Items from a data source
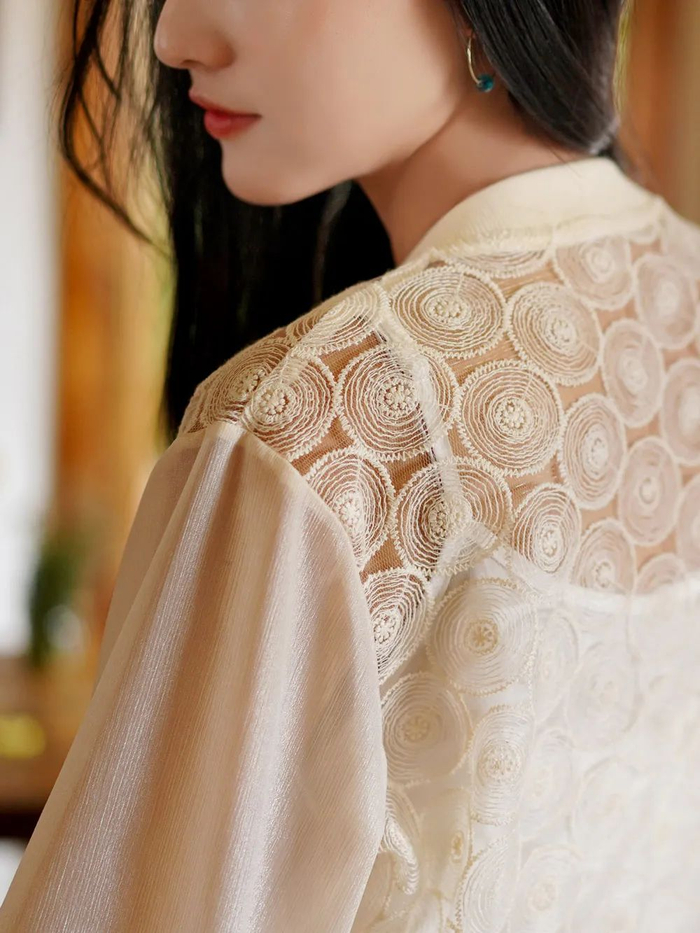 一圈圈的蕾丝刺绣犹如荡漾的水纹温柔缱绻,轻薄的网纱朦胧浪漫,展现了女性柔美的一面。
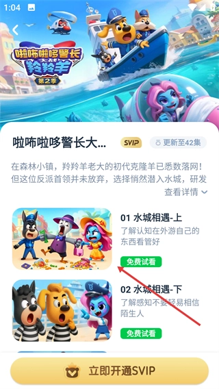 在动画列表页面挑选具体的剧集,比如【01水城相遇-上】,接着点击【免费试看】按钮,就能启动动画观看了。
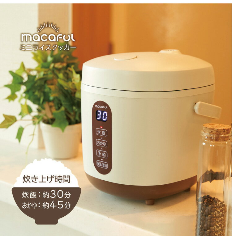 ●少量の炊飯にぴったりのミニライスクッカー●0.5〜1.5合のごはんが炊ける●美容に嬉しいおかゆも炊ける●炊飯終了後、自動的に1時間保温可能 保温ボタンで3時間保温可能●フードコーディネーター柏原歩さんと共同開発のレシピブック付!おかずやケーキが簡単に作れる定格消費電力(W):300炊飯容量(ml):90〜270(0.5〜1.5合)炊飯予約:0.5〜24時間保温機能:3時間本体寸法(mm):W187×D157×H192本体質量(kg):1.5コード長(m):1.4(差し込み式)化粧箱サイズ(mm):W238×D208×H232化粧箱重量(kg) :2外箱サイズ(mm):W498×D223×H489総重量(kg):8.6【特長】保温、スロー調理【送料について】北海道、沖縄、離島は別途送料を頂きます。
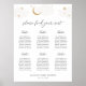 Bem-vindos aos seus convidados de chá com este gráfico de assentos com nuvens e estrelas com lua dourada. Deixe espaço para mais (ou menos) convidados clicando no botão "personalizar" e diminuindo ou aumentando o tamanho da fonte. Mesas extras também podem ser excluídas. Além da colocação de cada convidado.
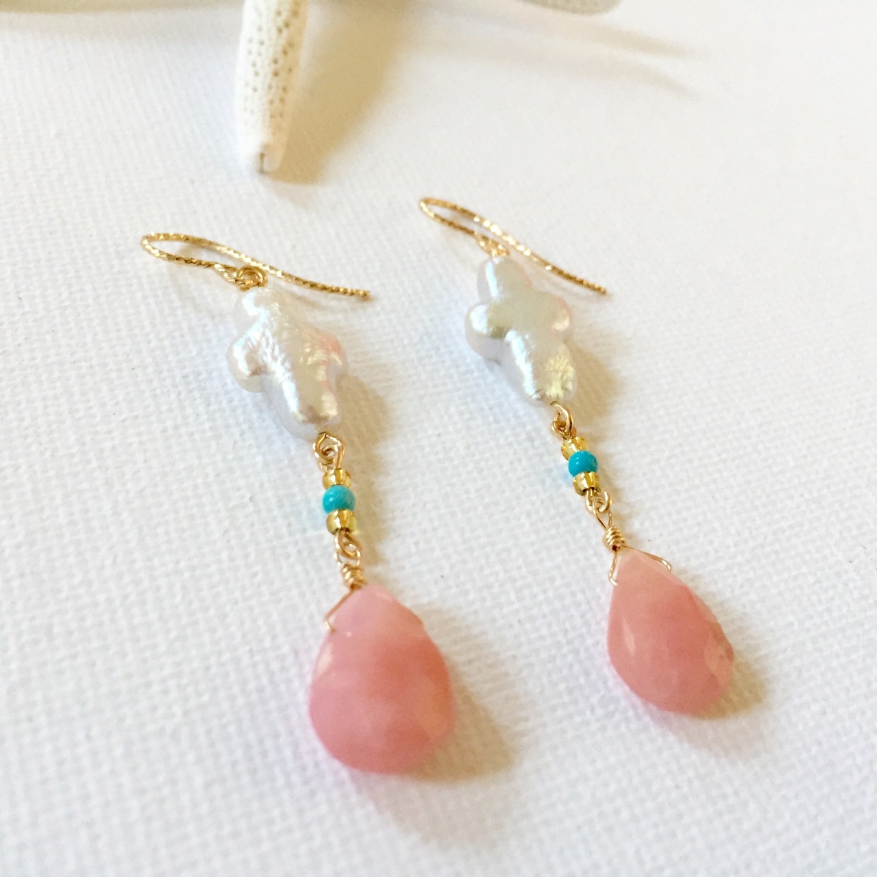 優しい色味のピンクオパール。アクセントに天然ターコイズをプラス。

= TASK GOAL =
Although the records above contain pictures, your copy should give only their text, exactly as written.

= FINAL ANSWER =
 一圈圈的蕾丝刺绣犹如荡漾的水纹温柔缱绻,轻薄的网纱朦胧浪漫,展现了女性柔美的一面。
 在动画列表页面挑选具体的剧集,比如【01水城相遇-上】,接着点击【免费试看】按钮,就能启动动画观看了。
 ●少量の炊飯にぴったりのミニライスクッカー●0.5〜1.5合のごはんが炊ける●美容に嬉しいおかゆも炊ける●炊飯終了後、自動的に1時間保温可能 保温ボタンで3時間保温可能●フードコーディネーター柏原歩さんと共同開発のレシピブック付!おかずやケーキが簡単に作れる定格消費電力(W):300炊飯容量(ml):90〜270(0.5〜1.5合)炊飯予約:0.5〜24時間保温機能:3時間本体寸法(mm):W187×D157×H192本体質量(kg):1.5コード長(m):1.4(差し込み式)化粧箱サイズ(mm):W238×D208×H232化粧箱重量(kg) :2外箱サイズ(mm):W498×D223×H489総重量(kg):8.6【特長】保温、スロー調理【送料について】北海道、沖縄、離島は別途送料を頂きます。
 Bem-vindos aos seus convidados de chá com este gráfico de assentos com nuvens e estrelas com lua dourada. Deixe espaço para mais (ou menos) convidados clicando no botão "personalizar" e diminuindo ou aumentando o tamanho da fonte. Mesas extras também podem ser excluídas. Além da colocação de cada convidado.
 優しい色味のピンクオパール。アクセントに天然ターコイズをプラス。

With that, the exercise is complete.